Amazing, inspiring, or just crazy?

This was certainly an interesting choice for our book club last month.  I am only a few weeks behind in our reads, and well, last month we saw a movie, so I am in the clear :)  When I was a few chapters in, I asked one of my mates how they felt about it - she made the comment that she was amazed by the accomplishment, but certainly not inspired by her to do the same thing.  Over all the reads we have tackled over the years, some of the authors have created quite the response in all of us (not always the same response).  Some of the authors we all wanted to reach out and connect even remotely on FB, and others, you realize you don't even really want to meet them in person.  I think I went through a range of emotions as I read this book, and considered whether or not this is an inspiring tale, or an amazing one.  I would err on the side of amazing.  Yes, it is truly inspiring to read about any individual challenging themselves physically or intellectually, however, how she goes about it is truly ass-backwards.  There are moments of clarity in this book, and there are profound moments that could have been revealed that are dropped like bombs and then moved away from as quickly as possible in a slightly disconcerting way.
It is hard to reconcile parts of her life - the woman who could shoot heroin the day before she takes off on such a momentus hike and the humbled person whose hand reaches out to touch the Bridge of the Gods.  The person who struggled with being alone, and the one who sought out to undermine her first marriage.  It is also hard to grapple with how the family horse was so ungraciously 'put down', and then the quiet serenity in the woods when she sees a fox or a deer. 
It is a good book.  I thought of myself when my friend Kelz and I did a 120 km backwoods canoe circuit in northern BC.  We planned the whole thing out, had our supplies, and took a fair amount of care heading out.  Definitely a personal accomplishment, and you meet some amazing people along the way.  Ken and I hope to take the boys and do it in a few years.  I digress. 
Was I truly inspired by this book? Well, I was impressed at what she accomplished but I am not planning to trail blaze in her path, in her manner.  Then again, who would?  We are all on a personal journey of discovery and I look forward to talking about this book in our next meeting.  Cheryl completed most of the PCT as a woman on her own, with limited financial means, with very little training. She most certainly accomplished something to be proud of. I suspect it will be a lively discussion and I look forward to hearing everyone's opinions about this book.
I have come back to edit a few paragraphs of this post, since the end felt a bit rushed.
I reflected a bit more, and I do admire her honesty in this book.  To know your kids are going to read about some of your mistakes, and events in your life that you are not proud of is raw and leaving your self vulnerable.  She does leave herself open to criticsm (such as the points mentioned above), but there is also a kind of courage in writing a book like this and not omitting these kinds of details from the book itself. 

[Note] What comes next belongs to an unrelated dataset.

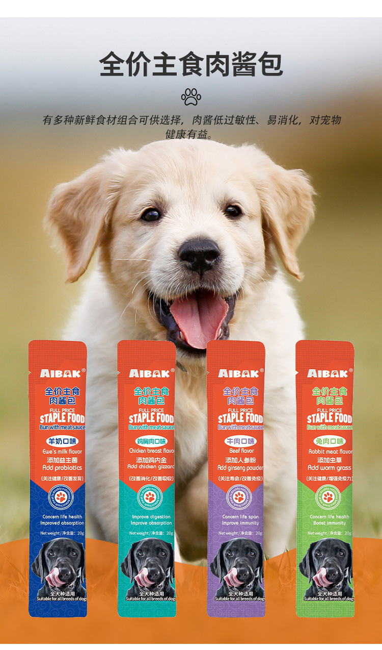 Лакомства для собак Aibak Основной корм Собачьи полоски Тедди Консервированные питательные полоски для собак Оптовая упаковка пробиотических влажных кормов

I know that writing this blog, there are parts that I do censor, even if it is from strangers. I choose the details that I want to reveal.  Laying everything on the table isn't easy, and in this book, there are parts that I wish she talked about more, but perhaps the starkness of some her revelations are also telling.  So, to go back to an earlier point, it will be an interesting book club.  At some point  in the future, I think that I will pick up Bryson's "A Walk in the Woods"... which is another backpacking novel.  I also think about what will be my next personal, physical challenge.  Will it be participating in a few 5km jogs (I really don't move fast enough for them to be called runs yet) this year or if it will be something else that I don't know is coming... I look forward to figuring it out.  I would like to get in some local hikes and just challenge myself.  I would also like to start canoeing again, and spend more times doing these kinds of things outdoors.